:: WHAT TO WORK ON ::
Repeat, word for word and with nothing added, each line from the one containing "Применяется для измерения" to the final line of the data, keeping both ends. Pictures are not part of the copy.

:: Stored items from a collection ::
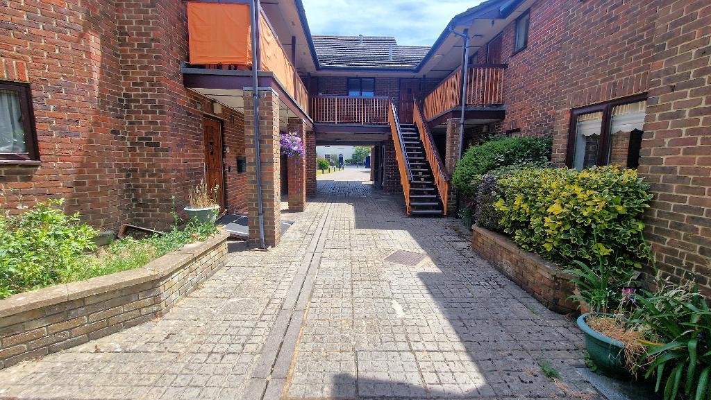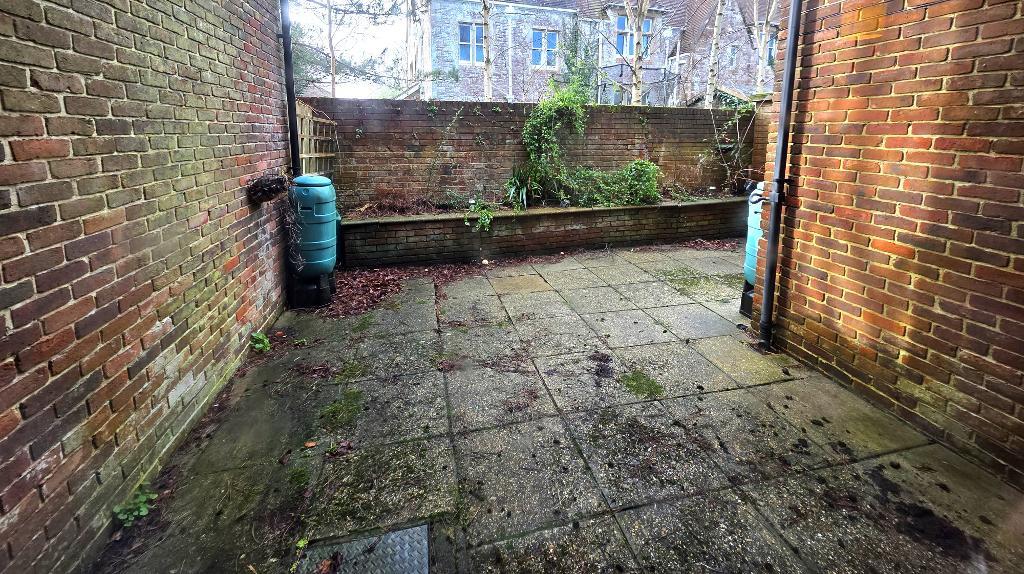 The apartment benefits from a private courtyard area which is paved and has raised flower beds and a timber shed.
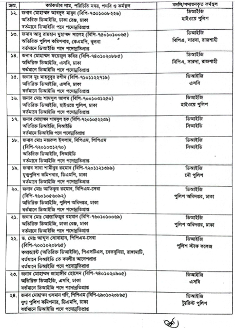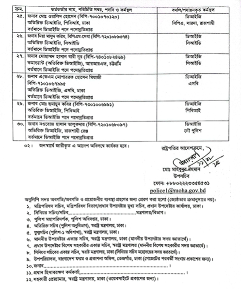 বদলি হওয়া ৩০ অতিরিক্ত ডিআইজি সম্প্রতি ডিআইজি পদে পদোন্নতি পান।
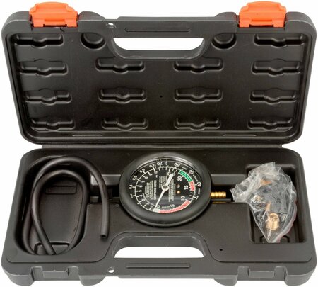 Применяется для измерения разряжения во впускных коллекторах и связанных с ними вакуумных магистралях двигателей внутреннего сгорания. Может применяться для измерения давления топлива, создаваемого электрическими и механическими топливными насосами. Состоит из большого манометра с легко читаемой шкалой, измеряющего как давление до 0,7 кгс/см2, так и разряжение до 700 mm Hg. Набор укомплектован резиновым шлангом и комплектом необходимых переходников. Поставляется в индивидуальном пластиковом кейсе.
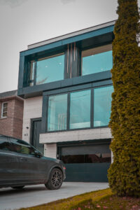 Special attention was given to the building envelope: insulation continuity, air barriers, and moisture control were integrated seamlessly to meet modern performance standards while maintaining a minimal aesthetic. Exterior cladding transitions—between dark metal panels and light finishes—were executed with crisp detailing to reinforce the home’s contemporary presence within the neighborhood context.
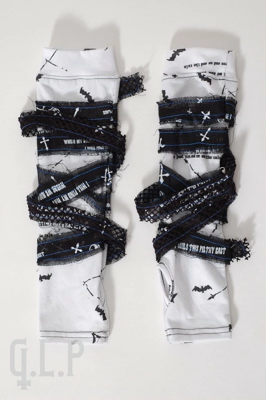 Longues mitaines gothiques en coton dĂ©corĂ©es d’Ă©pingles de nourrice et de piĂšces de tissu effet vieilli, passage pour le pouce.
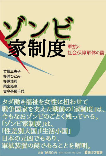 | タダ働き福祉を女性に担わせて戦争国家を支えた戦前の「家制度」は、今もなおゾンビのごとく残っている。「ゾンビ家制度」は、「性差別大国」「生活小国」日本の元凶でもあり、軍拡装置の罠であることを解明。 |
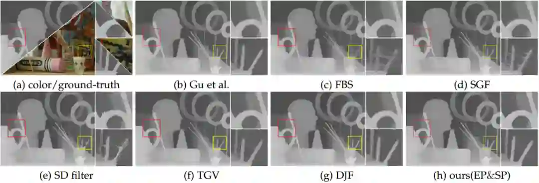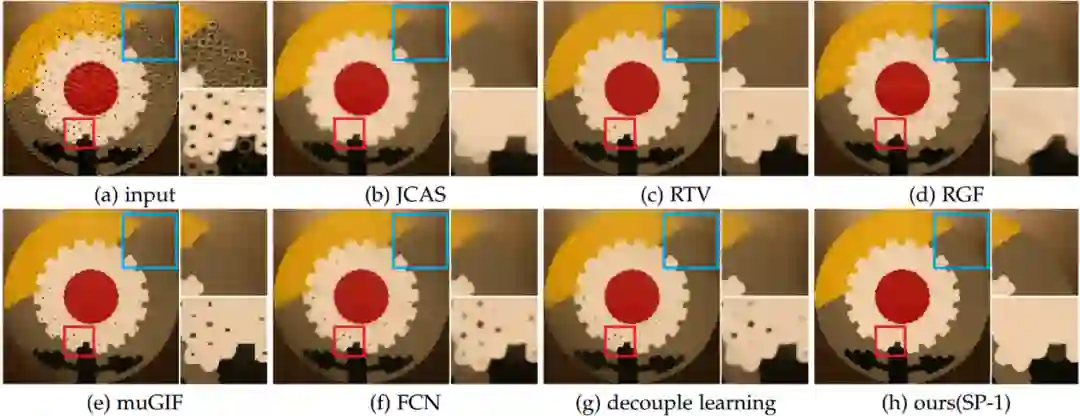 第三类为引导图像滤波,包括引导深度图超分辨和闪光/非闪光图像滤波等。这类任务的主要难点问题是对目标图和引导图结构不一致问题的鲁棒性,因为结构不一致会导致平滑后的图像存在纹理拷贝或者模糊边界的问题。同时由于目标图中往往含有噪音,因此这类任务还需要平滑后的图像边界能够被锐化,如图1(c)所示。

:: TASK RESULT ::
 Применяется для измерения разряжения во впускных коллекторах и связанных с ними вакуумных магистралях двигателей внутреннего сгорания. Может применяться для измерения давления топлива, создаваемого электрическими и механическими топливными насосами. Состоит из большого манометра с легко читаемой шкалой, измеряющего как давление до 0,7 кгс/см2, так и разряжение до 700 mm Hg. Набор укомплектован резиновым шлангом и комплектом необходимых переходников. Поставляется в индивидуальном пластиковом кейсе.
 Special attention was given to the building envelope: insulation continuity, air barriers, and moisture control were integrated seamlessly to meet modern performance standards while maintaining a minimal aesthetic. Exterior cladding transitions—between dark metal panels and light finishes—were executed with crisp detailing to reinforce the home’s contemporary presence within the neighborhood context.
 Longues mitaines gothiques en coton dĂ©corĂ©es d’Ă©pingles de nourrice et de piĂšces de tissu effet vieilli, passage pour le pouce.
 | タダ働き福祉を女性に担わせて戦争国家を支えた戦前の「家制度」は、今もなおゾンビのごとく残っている。「ゾンビ家制度」は、「性差別大国」「生活小国」日本の元凶でもあり、軍拡装置の罠であることを解明。 |
 第三类为引导图像滤波,包括引导深度图超分辨和闪光/非闪光图像滤波等。这类任务的主要难点问题是对目标图和引导图结构不一致问题的鲁棒性,因为结构不一致会导致平滑后的图像存在纹理拷贝或者模糊边界的问题。同时由于目标图中往往含有噪音,因此这类任务还需要平滑后的图像边界能够被锐化,如图1(c)所示。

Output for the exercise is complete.